LAWS(MAD)-2000-9-59

MUTHUSAMY Vs. MEENAKSHI SUNDARAM

Decided On September 08, 2000
MUTHUSAMY Appellant
V/S
MEENAKSHI SUNDARAM Respondents

JUDGEMENT

(1.) THE deceased sole defendant to the suit U.Muthu Udayar having been substituted by his legal representatives in the trial court itself, have filed the above second appeal against the judgment and decree dated 2.1.1998 made in A.S.No.23 of 1997 by the Court of Subordinate Judge, Sivaganga thereby setting aside the judgment and decree dated 20.11.1995 made in O.S.No.152 of 1991 by the Court of District Munsif, Manamadurai.

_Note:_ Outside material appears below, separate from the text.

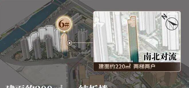 约220㎡大平层,户户四开间朝南,户户南北对流大方厅,户户两梯两户专属归家,户户双主套双阳台……
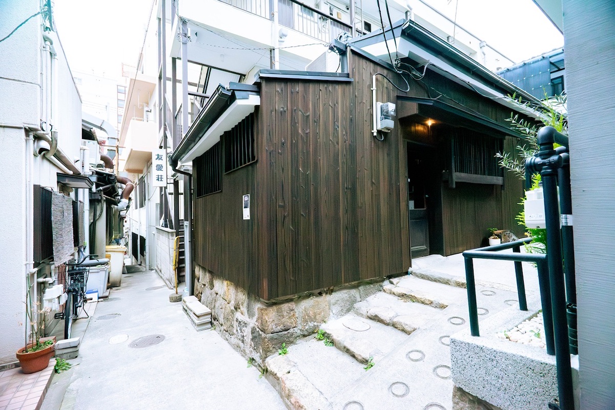 「KOMEMAME」があるのは、Osaka Metro谷町六丁目駅から徒歩約4分の場所。空堀商店街から路地を入ったところに、隠れるように立つ平屋が目的の場所です。

(2.) TRACING the history of the case, it is the respondent herein who has filed the suit in O.S.No.152 of 1991 on the file of the Court of District Munsif, Manamadurai praying for declaration of his title to the suit property and for permanent injunction restraining the deceased first defendant from in any manner interfering with his peaceful possession and enjoyment of the suit property and for costs thereby pleading that the grandfather of the plaintiff and the deceased first defendant viz., Sarakku Khatha Nadar had some ancestral properties and self-acquired ones; that their father viz., Udayar was leading a wayward life whose son is the deceased first defendant, but since the mother of the deceased first defendant passed away in two years after her marriage with the said Udayar, he married another Meenakshi through whom the plaintiff was born; that their father was also having illicit intimacy with one Unnamalai to whom a female child viz., Muthammal was born; that thereafter, the plaintiff along with his mother and the deceased first defendant were living as one and the same family at Alambacherry and the said Unnamalai and her daughter Muthammal were living separately at Kochadai village.

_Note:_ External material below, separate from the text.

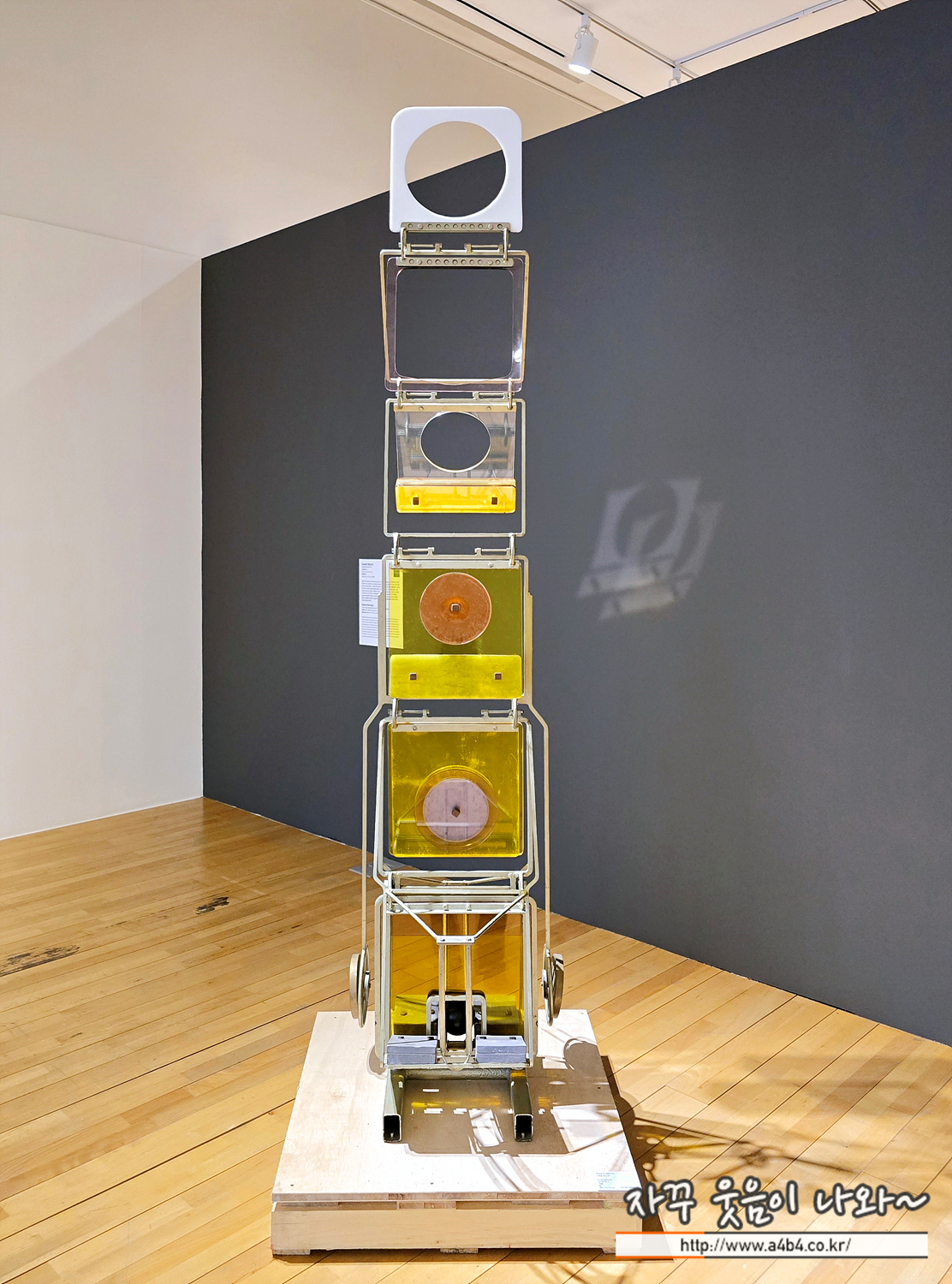 새로운 재료와 기술을 받아들이는 데 거리낌 없었던 그는 철, 플렉시글라스 등의 재료로 모빌과 같은 단순한 구조물부터 기계 시스템을 떠올리게 하는 형상, 거대한 철 구조물에 이르기까지 자신의 독특한 기계 미학을 펼쳤다. <모빌 No. 2>와 <플라밍고> 모두 관람객의 능동적인 참여를 통해 움직임이 달라질 수 있는 키네틱 조각이다. 별다른 장식 없이 간결하게 뻗은 철 구조물들은 실재하는 운동을 통해 변형과 허구, 새로운 의미를 만들어 내면서 관람의 색다른 재미를 부여한다

(3.) IT is only aggrieved against this judgment and decree passed by the first appellate court, the legal representatives of the deceased first defendant have preferred the above second appeal on certain grounds such as brought forth in the memorandum of second appeal, namely, (i) that the lower appellate court has erred in law in developing a new case, which was not pleaded by either parties; (ii) that the lower appellate court has erred in law in not relying on the version of the sale deed (Ex.B-1) which is under challenge after 47 years of its execution by a person who was not at all born at that time; (iii) that the lower appellate court has erred in observing that even though there was no evidence to show the partition since the property has been purchased from out of the income from the ancestral property of the plaintiff, the plaintiff is entitled to partition, which is not at all the case of the plaintiff; and (iv) that the lower appellate court has relied on surmises and has passed a wrong judgment. On such and other grounds, the appellants would pray to allow the above second appeal with costs throughout.